Узнав Васю, даже не пытался изобразить радость. Что-то буркнул в ответ на приветствие и удалился. Девяткин лишь головой покачал: надо же как изменился человек в столь короткий срок! Пошел искать съемный домик, в котором проживал Лермонтов.
Поэт жил один, арендовав дом за 100 рублей серебром, но рядом со своим другом, Столыпиным-Манго. Когда зашел Вася, он сидел у открытого окна в окружении светло-серых бумажных обоев и любовался роскошной черешней. Ветки были усыпаны ягодами, только руку протяни. Время от времени поручик их срывал и отправлял в рот. На столе перед ним лежало множество исписанных листов. На плечах снова устроился военный сюртучок с заломленным, как он привык, воротником. Красная шелковая рубаха позабыта.

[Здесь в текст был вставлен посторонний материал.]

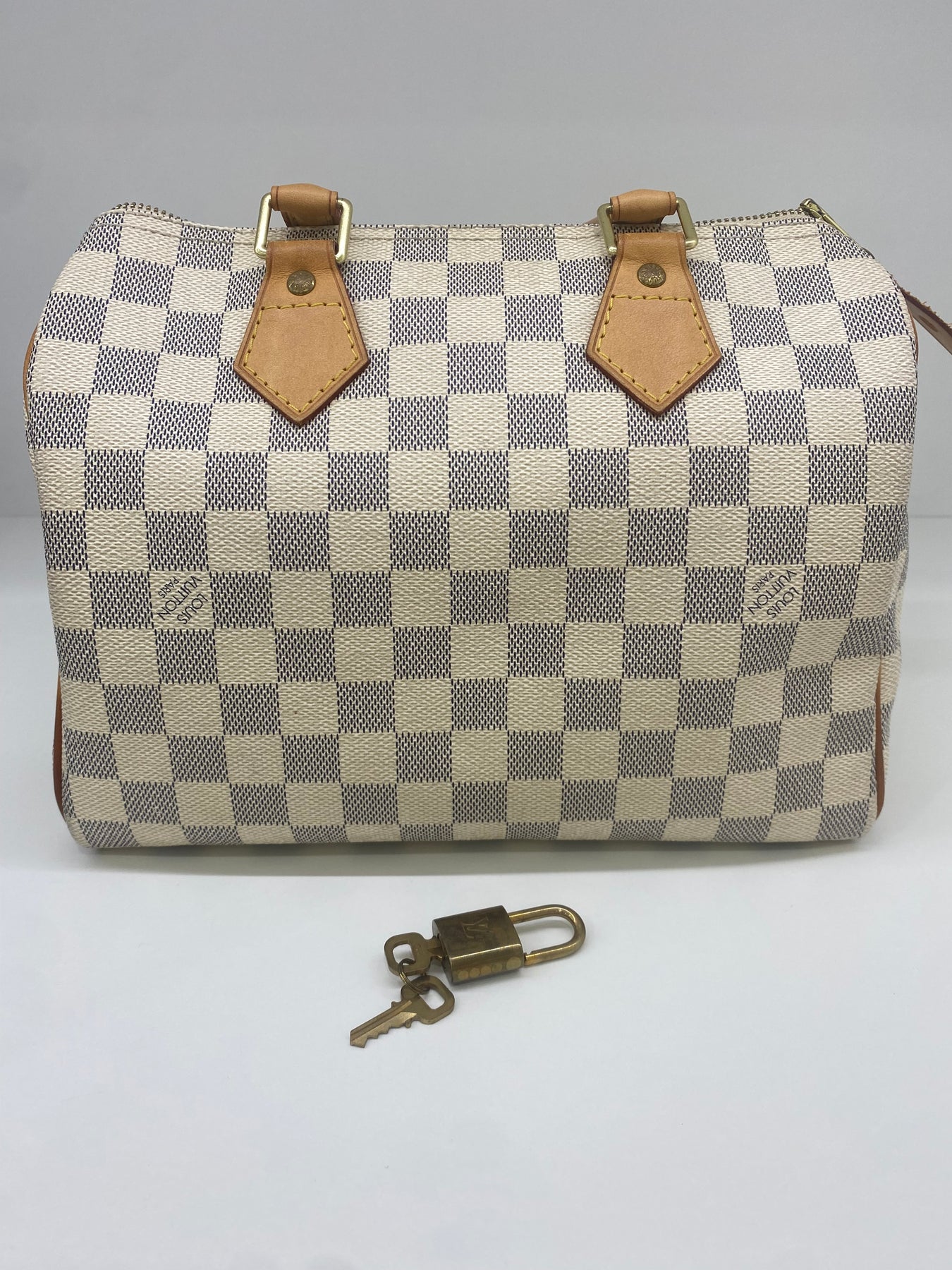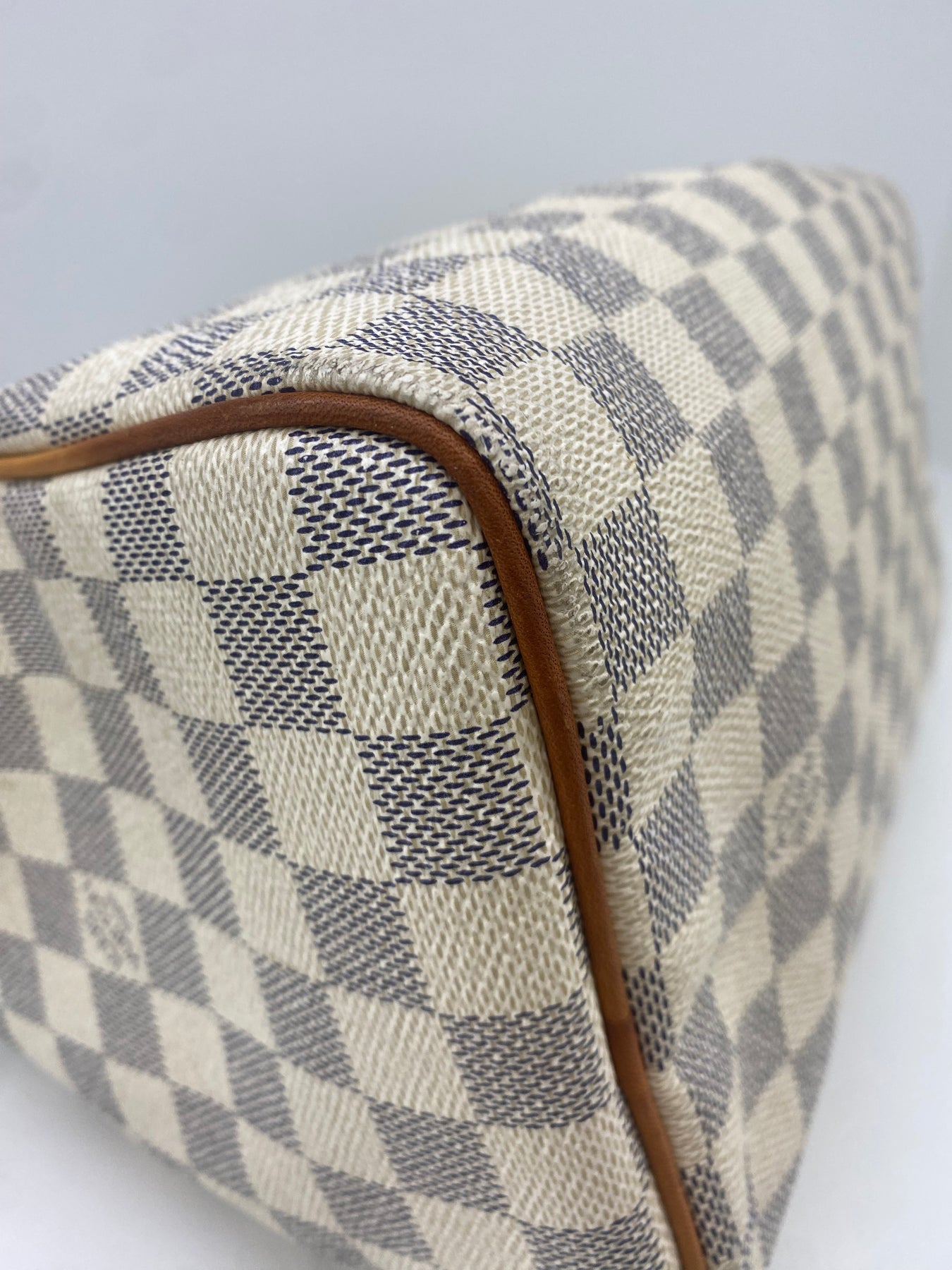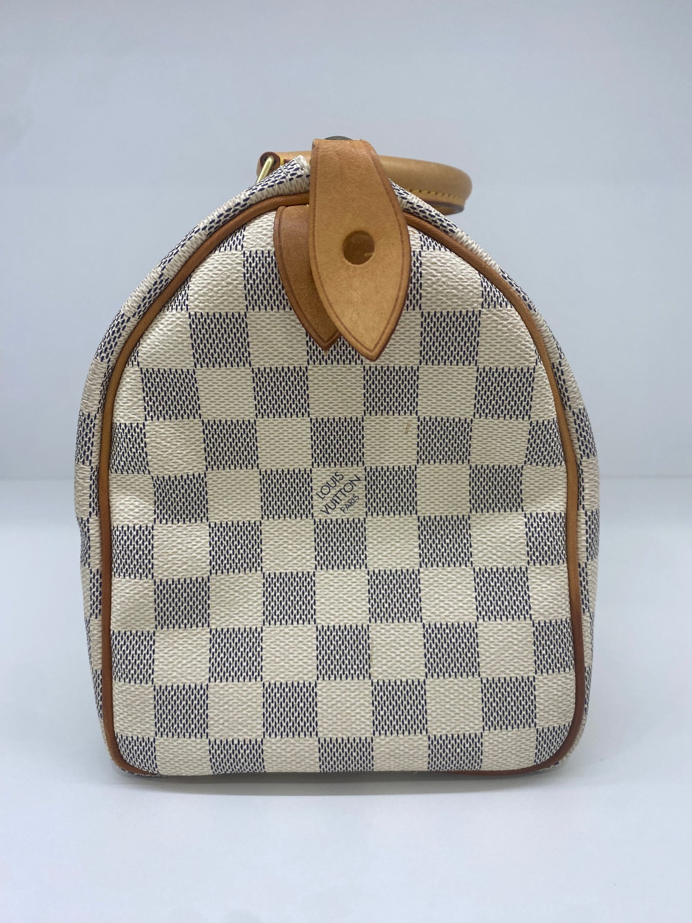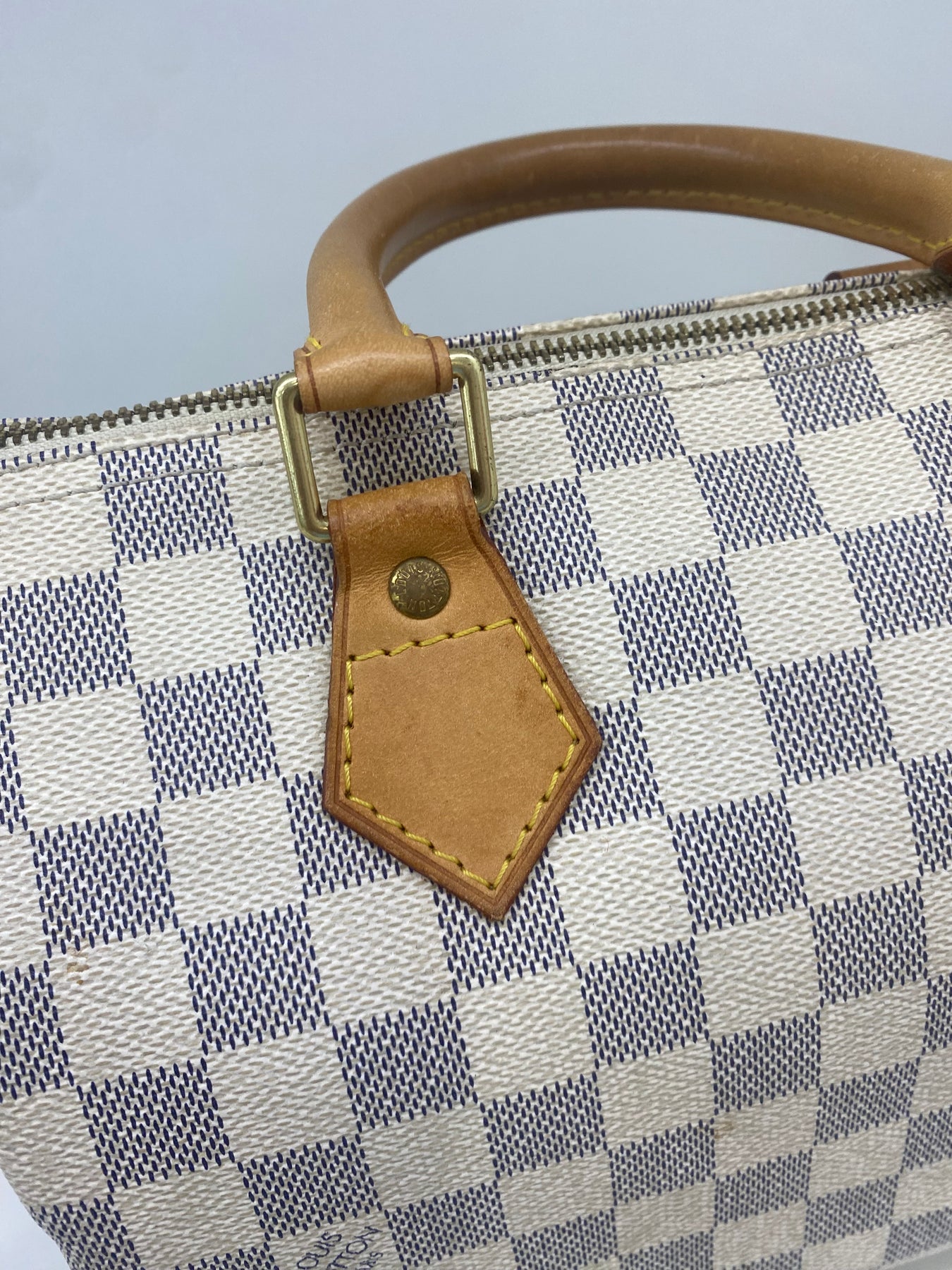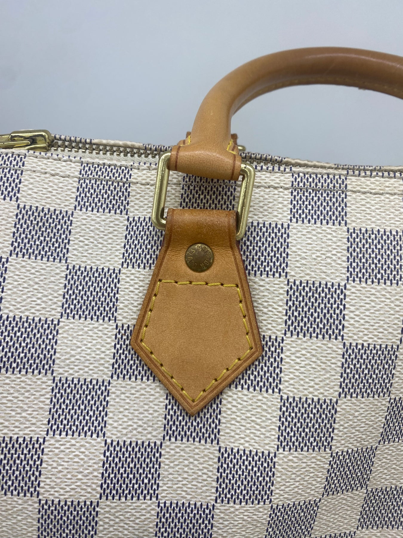 This Louis Vuitton handbag features the iconic Damier Azur canvas pattern, offering a sophisticated and timeless look. The structured shape is complemented by tan leather handles and accents that add a touch of elegance. Perfect for both casual outings and more formal events, it combines functionality with high-end style. An ideal accessory for those who appreciate luxury and craftsmanship.

Васе обрадовался как родному. Он вообще в быту к людям низших сословий относился с симпатией. Никогда нос не задирал, не доставал придирками, не хамил. С девицами из пятигорского общества он был куда менее любезен. Любил многих доводить до слез. Потом молил о прощении. Вот и сейчас он писал извинительную записку мадемуазель Эмилии.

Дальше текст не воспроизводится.